I had a slight grounding mishap with my van and have damaged the rear bumper and the off side rear bumper section. Does anyone know a good and reasonable dealer in the Swindon Wilts area? Davan were I purchased the van do not seem very interested and have not even bothered to send me a quote! Any help would be appreciated. Ian


----------



## laddercrew (Jun 7, 2007)

hi ipearce1
im based in south wales and i do all types of plastic and interior and exterior repairs and i have a colleague who covers the chippenham area give me a ring on 07775928269 and ill put you in touch with him
steve


----------



## 106390 (Aug 11, 2007)

*Steve*

Hi Steve .. just done exactly the Same to my Fiat CI .. reversed into a low wall and cracked 3 inches of plastic bumper ( just when i'm about to sell it on e-bay ) .. any contacts near Bedford area ?

Ta - Mike


----------



## mandyandandy (Oct 1, 2006)

Hey it must be something about Trigano's, we had a run in with a concrete bollard on Marine Parade , Dover. That was before we even set off on our holls!

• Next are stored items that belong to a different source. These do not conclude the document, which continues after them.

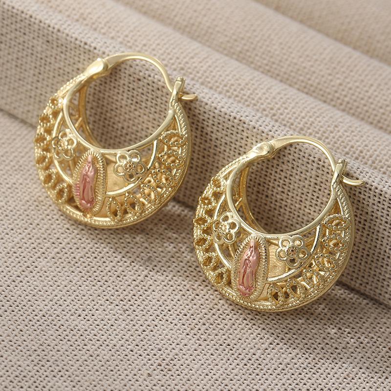 Vintage Hand Carved Hollow Flower Textured Hoop Earrings Women's Elegant Exquisite Golden Plated Banquet Festival Jewelry Crafts
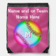 Super Cute Colorful Personalized Softball Drawstring Backpack for Girls with Your Text or Delete. Metallic look rainbow softball backpack on pink burst. CLICK "More" to see the two text boxes to type in YOUR NAME and or TEAM NAME and MONOGRAM or her JERSEY NUMBER. You can just Delete unwanted text too. Call me, Linda, for changes or help: 239-949-9090.
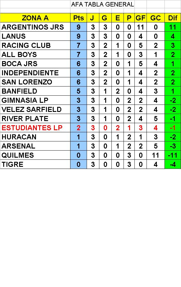 Estudiantes de La Plata futbol infantil: tabla general afa zona ... 😈
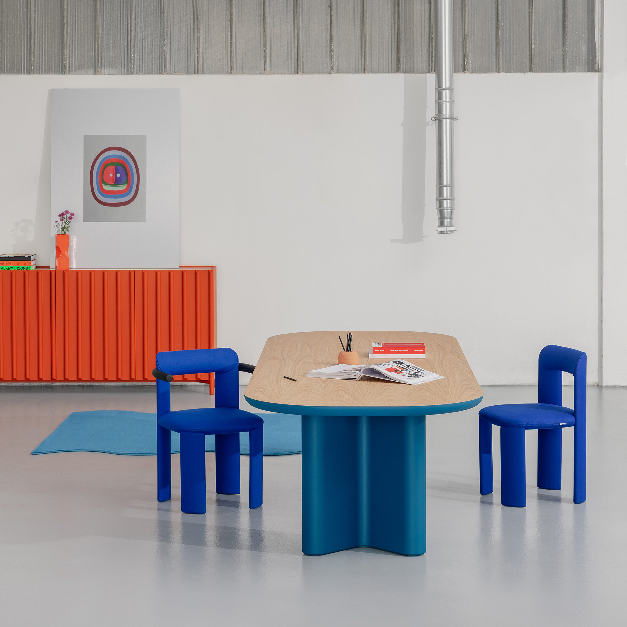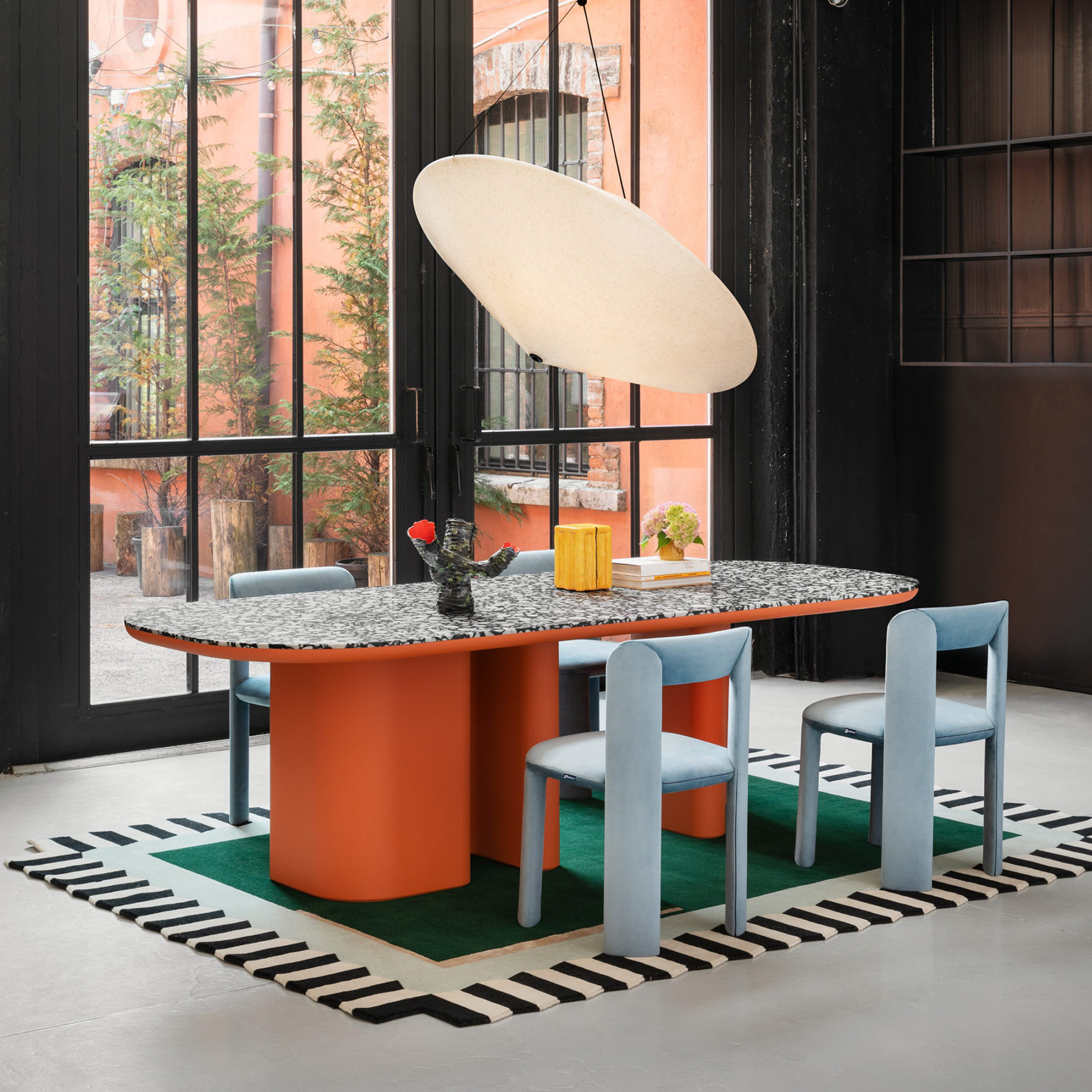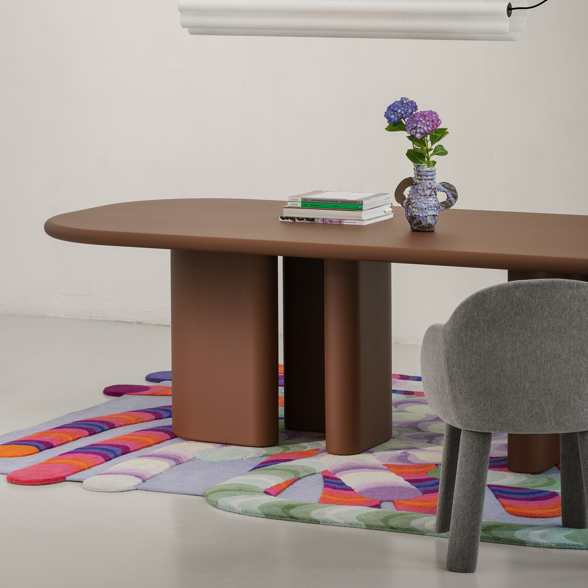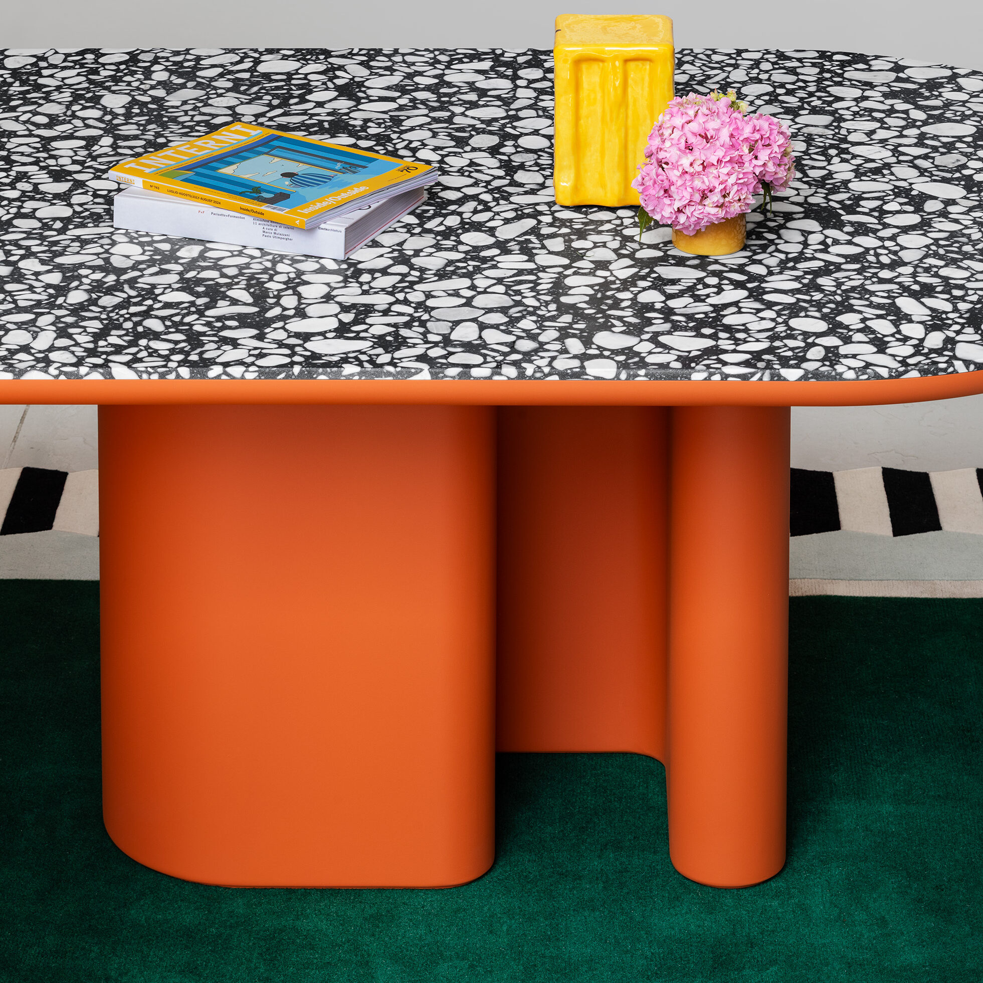Bonbon is a soft and striking table. The curved shape of its legs determines the rhythm of how the light passes through it, creating dynamic atmospheres. But it’s the chunkiness that define its aesthetic: a simple and straightforward graphic style ensures recognition in both domestic and public spaces.

Already had a bit of a woopsie with the back panel and had it repaired at this place, they did an excellent job and can highly recommend them:
Motorhomes Coachcraft
London Road 
Luton
01582 404880

They have a web site and I would do a link but don't know how. They guy you want to speak to is Peter Ayles, loads of knowledge and experience and we thought a good price too. 

Hope this helps
Mandy


----------



## laddercrew (Jun 7, 2007)

hi mikeontour only just seen your post been away for the wkd don't know of anyone off hand but ill have a ring round tomorrow and see if anyone knows someone in that area to recommend
steve


----------